Wednesday, June 23, 2010

Ridiculous

Yesterday, I was given a cucumber.

No special occasion, I was just leaving school yesterday and one of my coworkers came up to me, handed me a cucumber and said "for you". Which...yay? I was just thinking the other day that I needed to introduce more fruits and vegetables into my diet. And I do rather like cucumbers. But I am pretty sure this is the first time I have ever been given one as a gift.

My life here is pretty...well, ridiculous. Recently, a friend of mine asked me how life was here in Korea, to which responded "ridiculous as normal." I didn't mean this in a necessarily negative sense, though. It's more like...standard? I guess? Like someone gives me a cucumber for a gift, or I see an old ajosshi peeing on a street corner and now my brain goes "oh yes, that is the expectedly ridiculous Korea. This is perfectly normal."

*I should pause here to note that really, ALL cultures have their ridiculousness. Because humans are ridiculous creatures. You just don't necessarily notice how ridiculous your own culture is, because it seems perfectly normal to you - after all, it's what you've known your whole life.

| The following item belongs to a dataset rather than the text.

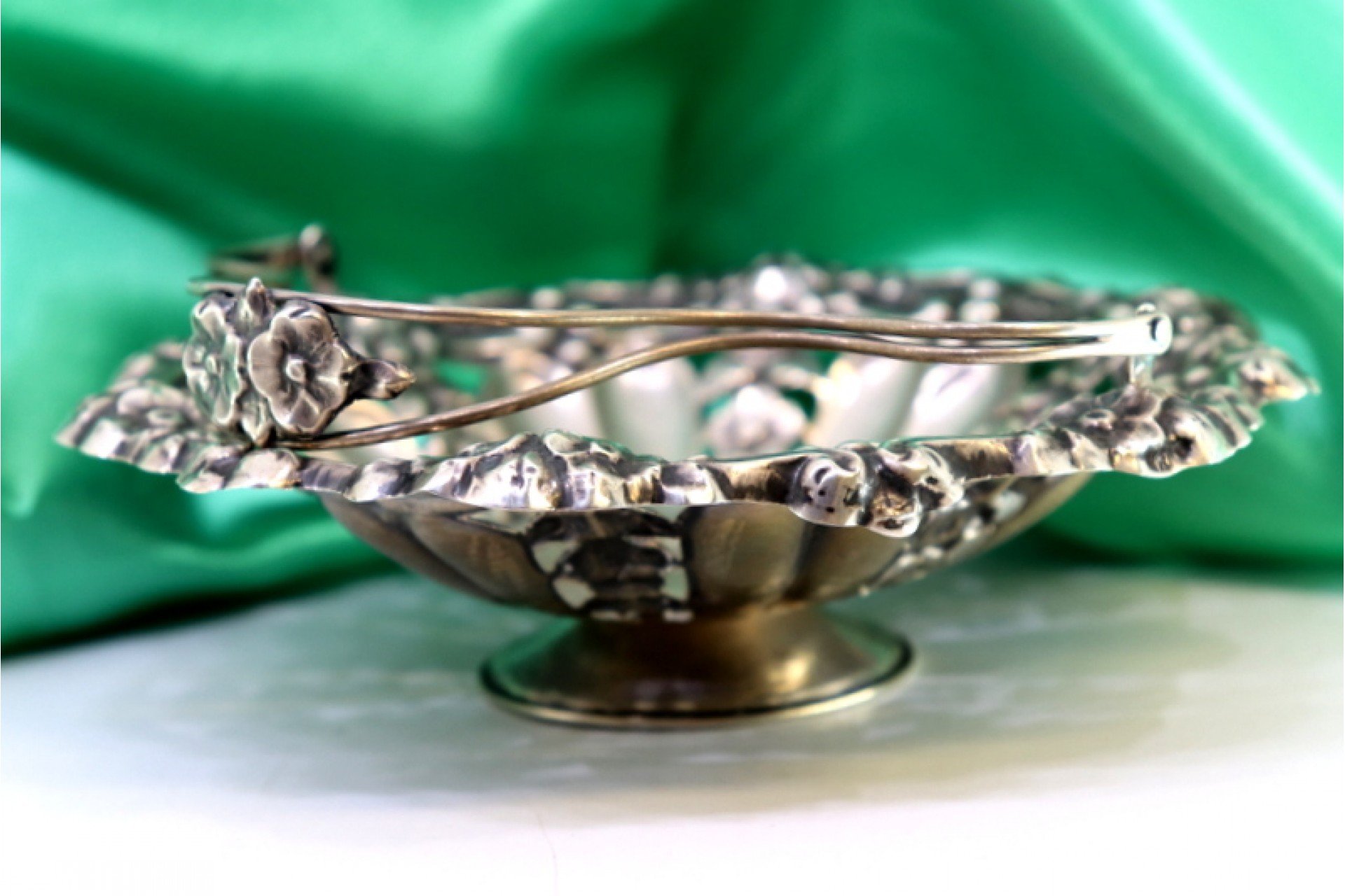 • Descrição: Bomboneira em prata recortada com relevos florais e pega basculante.

Back to the story, though. I think this acceptance of the ridiculous is part of becoming more integrated to my surroundings. Which is a good thing! But sometimes, things just stand out.

Last week, as I was coming back to my househome from an evening jog along the river, I was walking in front of this middle aged guy, listening to my music. Now I'm not really sure what happened, but all of a sudden I felt something wet hit my leg. I briefly lost my stride, PRAYING that it was rain, or maybe even bird crap, but no. Of course it wouldn't be.

I had been spat on.

It didn't connect right away. I wasn't exactly expecting to be spit on just at that moment in time. I mean, really! Who (aside from possibly teevee star New York) would expect that?? So I didn't check my leg until I got to the streetlight to confirm my worse fears. I looked back, but the culprit, whoever he was, had gone.

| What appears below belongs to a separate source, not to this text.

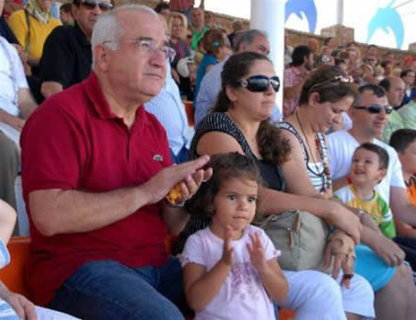 Başbakan Yardımcısı Cemil Çiçek spor kıyafetlerle katıldığı bir etkinlikte torunuyla ilgileniyor.

I'd like to believe that it was an accident, a tragic byproduct of the excessive (and SERIOUSLY nasty) spitting culture here. But maybe not. Maybe I had done something to piss the guy off. Regardless, you'd better believe that if I had immediately recognized the loogie for what it was, I would have turned around and let holy hell loose on this guy. I REALLY wanted to have gone all VH1 reality star on this jackass...and not the juiced up testosterone gorilla alpha male kind. I'm talking about the weave-snatchin', nail-clawin', cat-fightin', brawlin' Classy Ladies they showcase on their Sophisticated Entertainment Programs. I think New York would have been proud.


Caution parents: The following video contains language not suitable for minors. Also some crazy-ass bitchez up in heah.

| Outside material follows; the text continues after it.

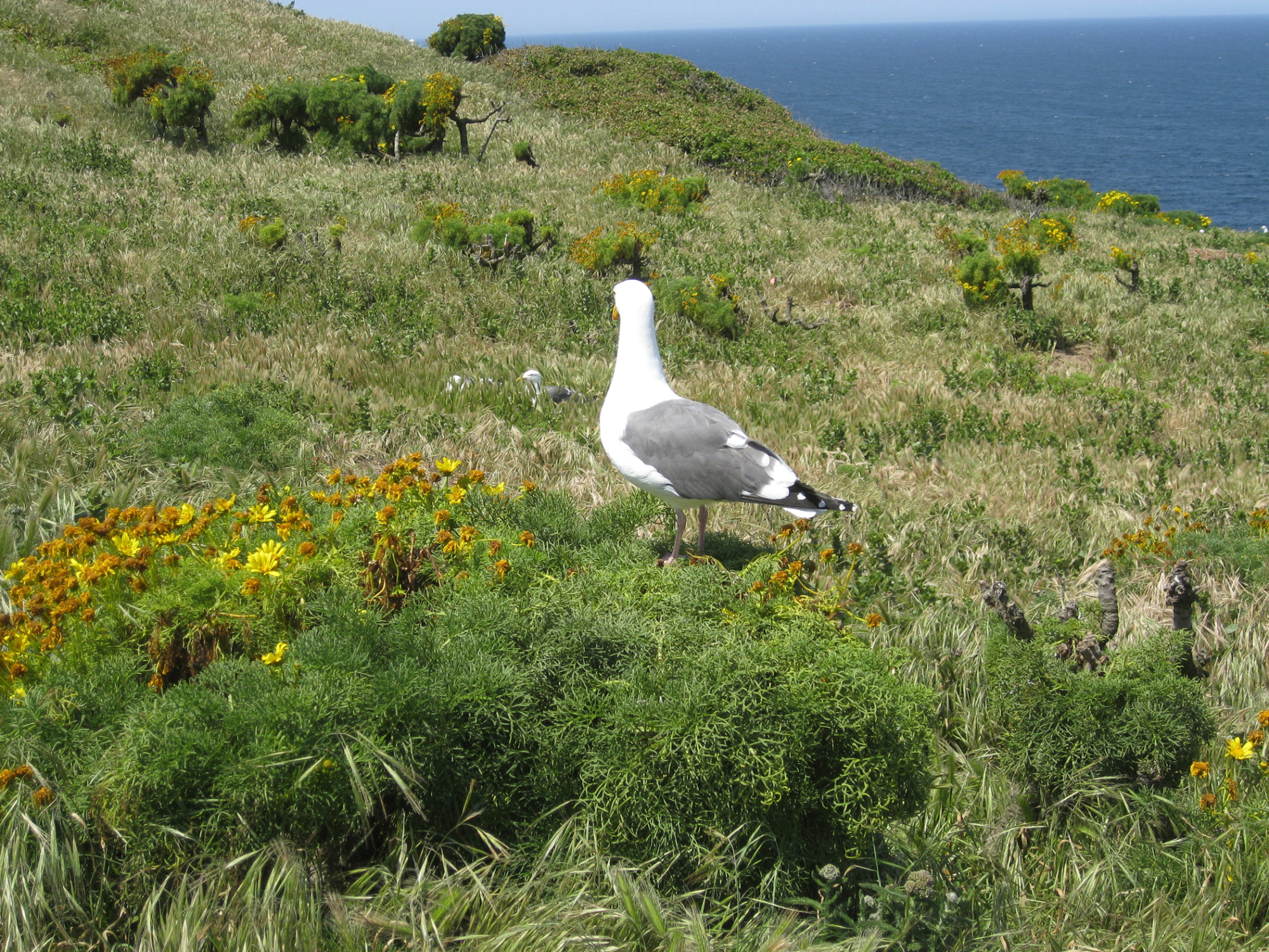 Anacapa Island, western gull setting up territory on Coreopsis gigantea

You $#@(*&%@^&@in' wh*re! You put your @#$(in' fingers in my face?? You spit in my $&%*#$&%*in' hair???

PS sorry for the formatting, but I am just not talented enough. Tom, if you want to help feel free.

3 comments:

  1. If you go to the part of the edit post screen where you can see the html code you should see an a bit of HTML code around where the video is that should look like this

    embed src="url" ... height="x" width="x"

    You can manually change the height and width pixel amounts here. Just make sure you keep the ratio the same.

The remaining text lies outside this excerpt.